The title, released on Dec 15 for Apple Inc devices, was no longer the highest-grossing iOS app in any country as of Dec 24, according to the latest data available from researcher App Annie. A week earlier, it was the most profitable app in 49 nations. In terms of free downloads, it was still on top in 88 countries, down from a peak of 138 on Dec 17.
The drop in rankings may reflect problems with the app's price: Super Mario Run can be downloaded for free, but users have to pay US$10 if they want to progress beyond the first three levels of the game. That's a departure from the industry's standard, where most mobile games can be played for free but encourage users to buy in-game items to speed up progress. Fans appear to prefer the latter and have lashed out at the lack of free content in Super Mario Run.
Another point of criticism has been the US$10 price tag, which many gamers have said is too high. At that level, only 1 to 2 per cent of people who download the game will buy the full version, according to Apptopia Inc.
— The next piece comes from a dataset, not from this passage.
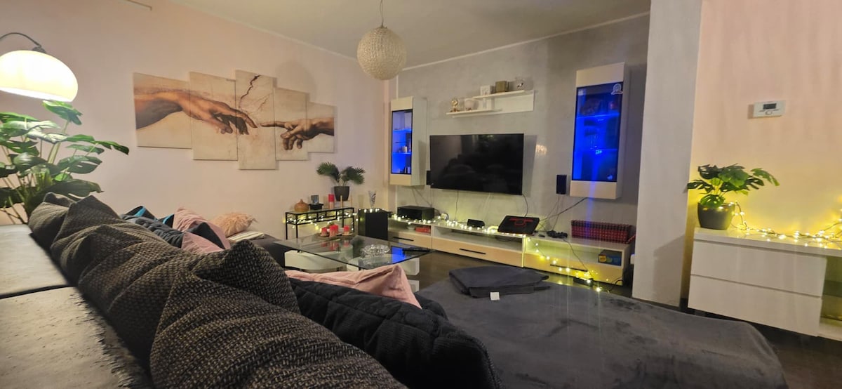 Wenn du in dieser zentral gelegenen Unterkunft übernachtest, hat deine Familie alle wichtigen Anlaufpunkte ganz in der Nähe. Verbindungen zu Bus und Bahn sind Fussläufig in wenigen Minuten erreichbar. Im Umkreis von 50 Metern sind Supermärkte wie Lidl und Aldi, 2 Tankstellen sowie ein Mc Donald‘s. Die Wohnung liegt an einer befahrenen Straße wobei es bei Stoßzeiten zu erhöhten Lärm durch Pkw‘s & Lkw‘s kommt, dagegen ist die Wohnung mit dreifach verglasten Fenstern ausgestattet aber trotz wenig

If the price was lowered to US$2, it could likely convert more than 10 per cent. The researcher estimates the lower price would translate into revenue of about US$50 million for this month, versus about US$30 million at the current price.
Nintendo shares rose as much as 4.8 per cent on Monday, perhaps because investors have digested most of the negative news. The company's shares slid 20 per cent from Dec 12 through last week as the game's messy debut raised doubts about the company's ability to execute its mobile strategy.